Capital Markets – Fixed Income Operations


Phoenix offers its clients full access to the national and international capital markets through fixed income transactions. The structured deals  designed and executed by Phoenix create  a banking “disintermediation” option so its clients can issue debt directly to institutional and accredited investor.



The main advantages include:

  • Raising longer term funds and resources tailored to each client’s cash flow needs and the maturity/payback of specific projects;
  • Lower cost as compared to traditional bank funding instruments and a better risk-reward ratio for both issuer and note holder;
  • Less impact on debt and equity, liquidity, and leverage ratios;
  • More leverage capacity as compared to ordinary bank loans, such as working capital loans, discount and overdraft accounts;
  • Higher visibility to the financial and investment communities by being a player in the capital markets, and taking the first steps towards an IPO.

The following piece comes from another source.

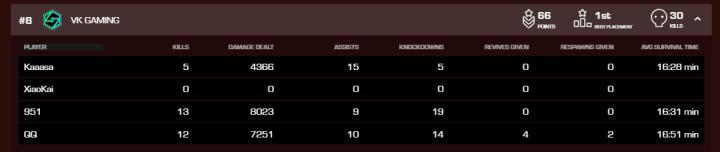 你方唱罢我登场,VKG在第4局成功吃鸡,CN战队在决赛阶段达成2连鸡。VKG在决赛圈卡死了GUILD和TSM,单局拿下20分。

Some of the main fixed income operations structured by Phoenix include:

  • CBN – Credit Banking Notes or Credit Linked Notes: Credit Banking Notes are corporate bonds that allow companies to raise funds in the capital markets using part of their receivable portfolio and other assets eligible to be pledged in guarantee.
  • FIDC – Closed and End Funds Backed by Certain Receivables Portfolio: In this modality, a fund is created for a determined tenure and amount with a specific purpose to buy rights of credit (receivables) originated by an operational activity of a company or a group of companies. Ideal for companies that intend to “securitize” part of their receivable portfolios and provide a stable inflow of funds to their cash flow.
  • Debentures: Most traditional underlying financing instrument that allows companies to raise funds in the capital market, applied mostly to public companies.
  • Notes Backed by a Rent Agreement and Granted by Fixed Assets – Real Estate: Note repayment is backed up by a real estate lease/rent agreement and the real estate property. Ideal for companies that want to raise funds using its real estate or for “de-immobilization” purposes (built-to-suit).
  • ECN – Export Credit Note: Notes created to fund exports as an alternatively to trade finance operations. This type of financing carries the same benefits as trade finance lines of credit and are ideal for Brazilian exporters who want longer term pre-shipment financing.



Through its capital markets team, Phoenix works in close coordination with its clients from the origination, to the structuring/modeling and final distribution of the notes. Phoenix’s Capital Markets – Fixed Income Operations area offers yet many others financing instruments and alternatives (local and international), that can also be specially designed to match its clients’ needs and demands.